## DESCRIPTION OF THE TASK
Return all of the data that follows precisely, leaving every image out.

## RECORDS SHOWN

################

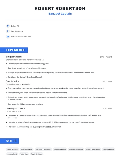 Build a professional banquet captain resume in minutes. Browse through our resume examples to identify the best way to word your resume. Then choose from 5+ resume templates to create your banquet captain resume.
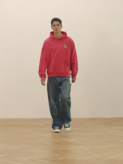 The Multi Patch Hoodie features a sun-faded wash with vintage-inspired appliqués, pins and embroidery. Made from 100% Cotton, it has an oversized fit, ribbed cuffs, and a kangaroo pocket. The distressed detailing enhances its well-loved, timeworn aesthetic.
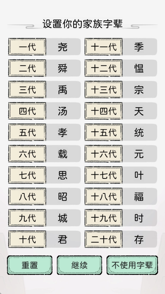 2、家族字辈可自主设定,每一代都能自行决定是否设置,也可以选择不使用字辈。
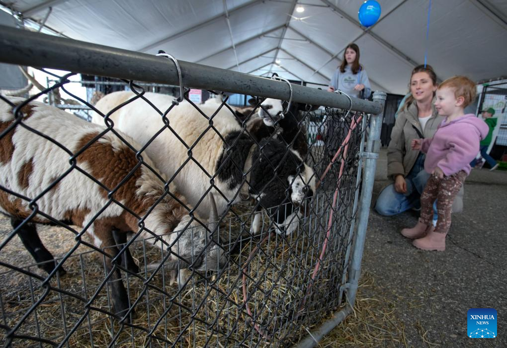 People visit farm animals at the 2025 Pacific Agriculture Show in Abbotsford, British Columbia, Canada, on Jan. 23, 2025. Showcasing the latest and most innovative equipment and technology for the agriculture industry, the three-day show kicked off here on Thursday. (Photo by Liang Sen/Xinhua)
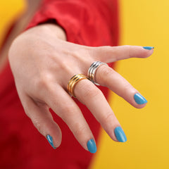 The ring is really striking particularly on a larger hand or broader fingers. Although shown here on a female hand the ring is also suitable for men and can be sized accordingly. Available in sterling silver with a gold vermeil option it's a real showstopper for the confident individual. Prices shown are for Size N rings. Other sizes available, just get in touch.
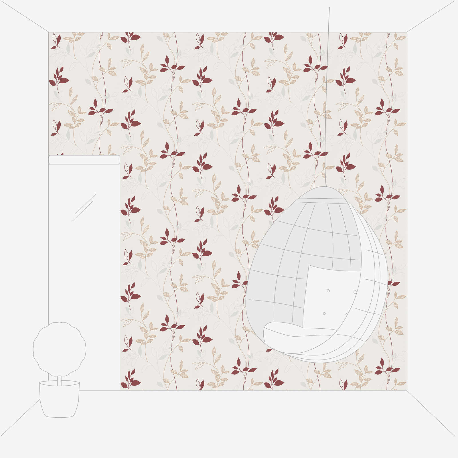 Tapete Blätter Muster strukturiert, farbige Akzente – Rot, Creme
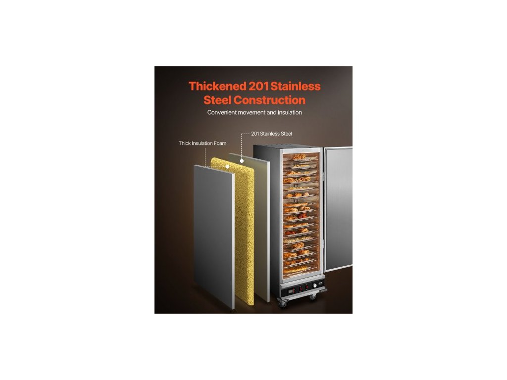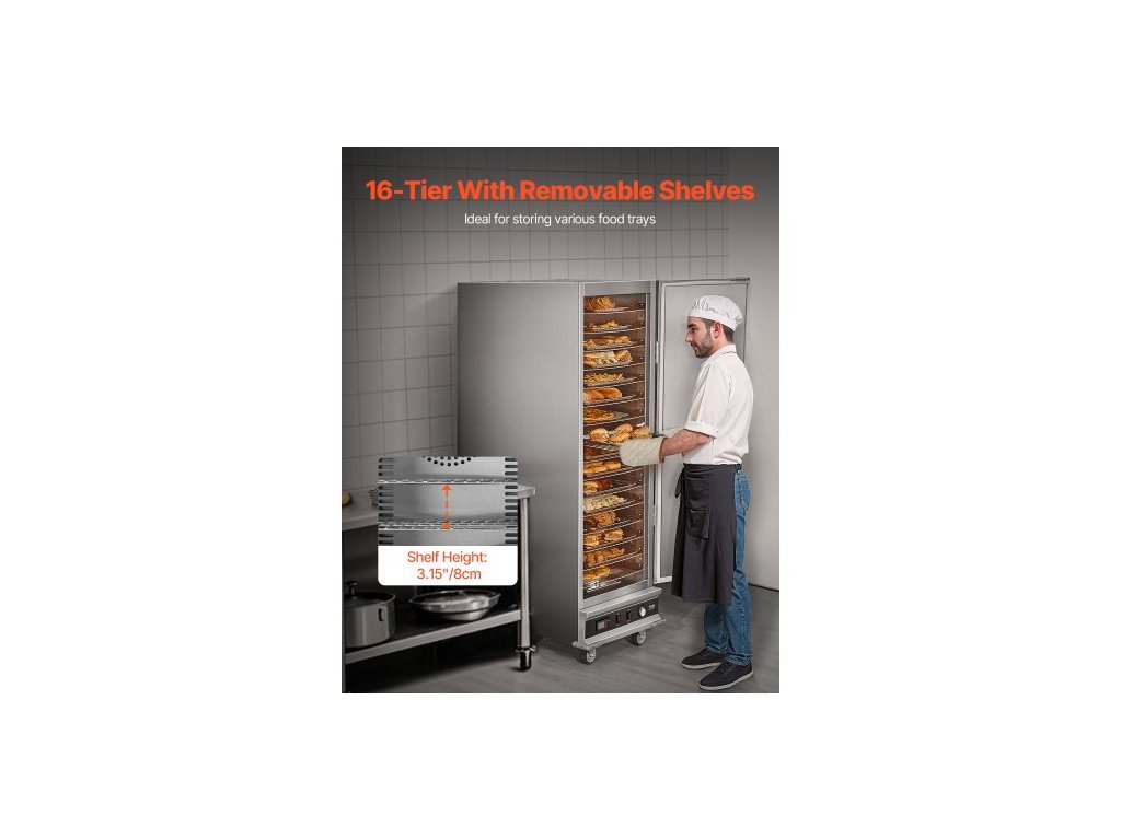 Ohřívač potravin Hot Box, 16patrový velký ohřívač potravin s vodní miskou, jednokřídlé dveře a nastavitelné police, nerezová ohřívací skříňka na potraviny, ideální pro skladování pizzy, kuřete, restaurace

################

## ANSWER TO THIS EXERCISE
 Build a professional banquet captain resume in minutes. Browse through our resume examples to identify the best way to word your resume. Then choose from 5+ resume templates to create your banquet captain resume.
 The Multi Patch Hoodie features a sun-faded wash with vintage-inspired appliqués, pins and embroidery. Made from 100% Cotton, it has an oversized fit, ribbed cuffs, and a kangaroo pocket. The distressed detailing enhances its well-loved, timeworn aesthetic.
 2、家族字辈可自主设定,每一代都能自行决定是否设置,也可以选择不使用字辈。
 People visit farm animals at the 2025 Pacific Agriculture Show in Abbotsford, British Columbia, Canada, on Jan. 23, 2025. Showcasing the latest and most innovative equipment and technology for the agriculture industry, the three-day show kicked off here on Thursday. (Photo by Liang Sen/Xinhua)
 The ring is really striking particularly on a larger hand or broader fingers. Although shown here on a female hand the ring is also suitable for men and can be sized accordingly. Available in sterling silver with a gold vermeil option it's a real showstopper for the confident individual. Prices shown are for Size N rings. Other sizes available, just get in touch.
 Tapete Blätter Muster strukturiert, farbige Akzente – Rot, Creme
 Ohřívač potravin Hot Box, 16patrový velký ohřívač potravin s vodní miskou, jednokřídlé dveře a nastavitelné police, nerezová ohřívací skříňka na potraviny, ideální pro skladování pizzy, kuřete, restaurace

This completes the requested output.